Federal judge refuses to retrieve deleted Signal messages from several Trump administration officials
Goldberg was the one who revealed the existence of the Trump Administration officials' group chat, adding that the one who accidentally added him to the conversation was then-national security adviser Mike Waltz.

James Boasberg, chief judge of the U.S. District Court.
U.S. District Judge James Boasberg said Friday that it was too late to order the recovery of deleted messages on the Signal appby several senior members of the U.S. president's administration Donald Trump, largely rejecting a request for intervention made by the watchdog group American Oversight. On the other hand, Boasberg did direct both the acting national archivist and Secretary of State Marco Rubio to request Attorney General Pam Bondi to take appropriate steps to be able to preserve Signal messages across the administration that are still at risk of deletion.
"At this juncture, the Court largely denies American Oversight’s slew of requests and will instead grant only narrower relief," Boasberg wrote.

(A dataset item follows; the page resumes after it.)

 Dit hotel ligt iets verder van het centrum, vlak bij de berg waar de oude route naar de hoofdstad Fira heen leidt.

Similarly, even as the federal judge ordered Rubio to ask Bondi to act on those messages "that have not yet been fully recovered," Boasberg stressed that the attorney general has all the power to ignore such a request should she deem it appropriate.

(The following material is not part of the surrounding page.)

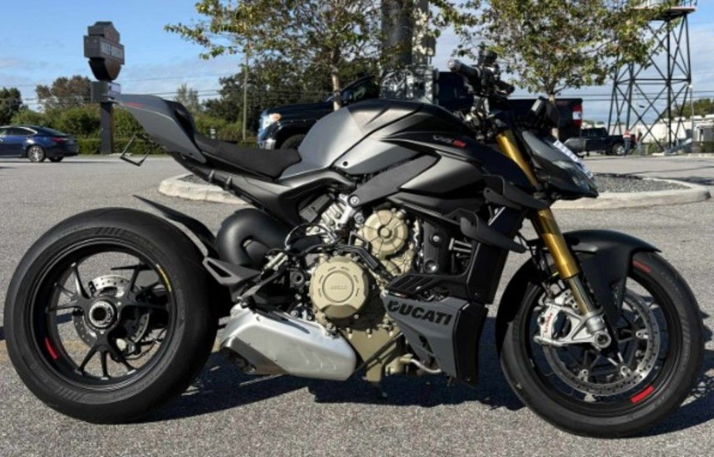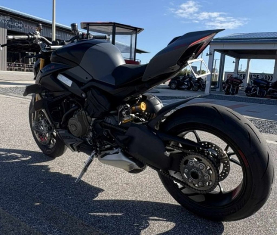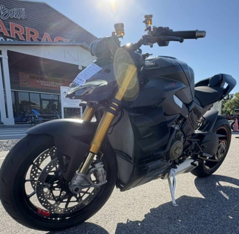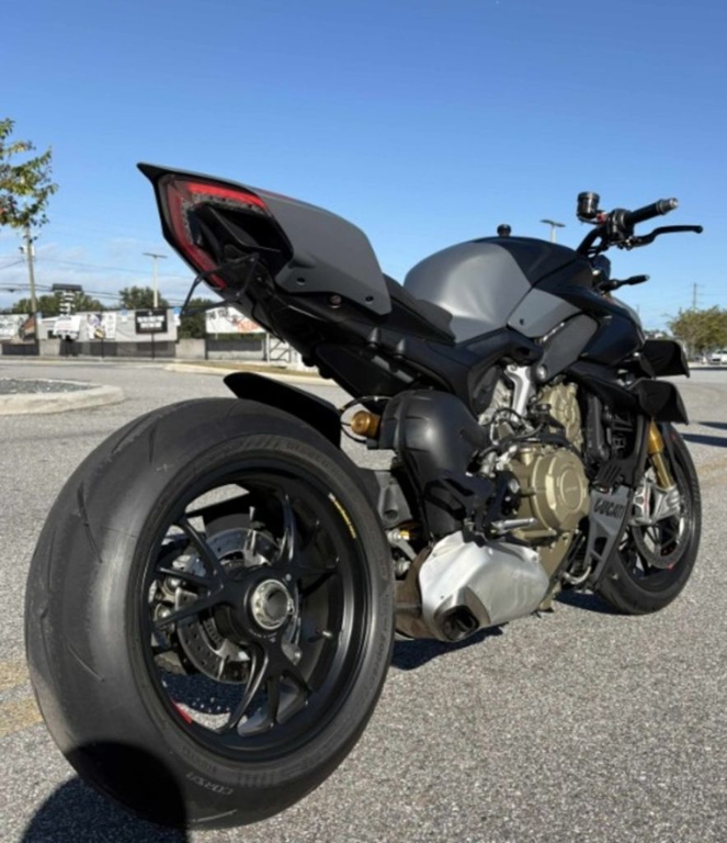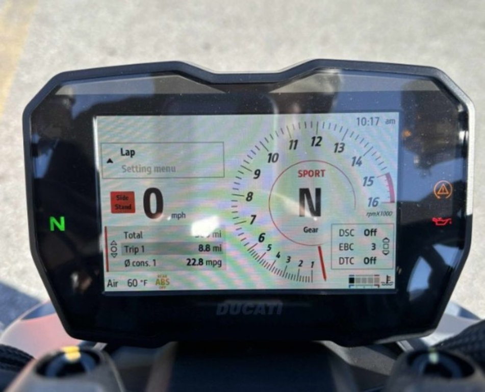 The natural evolution of the family is a bike that pushes the concepts of the "Fight Formula" even further, the key elements of which are the Panigale V4 stripped of the fairings, high and wide handlebars, 392 lb weight, 208 hp Desmosedici Stradale engine, biplane wings and latest generation electronic package.

Issuing the order was futile
The watchdog group American Oversight, which often files lawsuits to access different types of government records, demanded five Trump administration officials after it was revealed that they discussed a military operation in a group chat on Signal, and mistakenly included The Atlantic editor-in-chief Jeffrey Goldberg. That group had asked Boasberg to order the five officials not only to preserve any and all communications made on the app, but also to recover the deleted messages. However, the federal judge explained that the group's own representation to the courtmade it clear that the deleted messages on Signal could not be recovered, so issuing the order was futile.
"Although Plaintiff tries to walk that stance back — claiming in its Reply that recovery is feasible ‘[r]egardless of Signal’s statement of policy,’ — that belated assertion wilts in the face of its repeated claims to the contrary in both its Amended Complaint and Motion," Boasberg explained.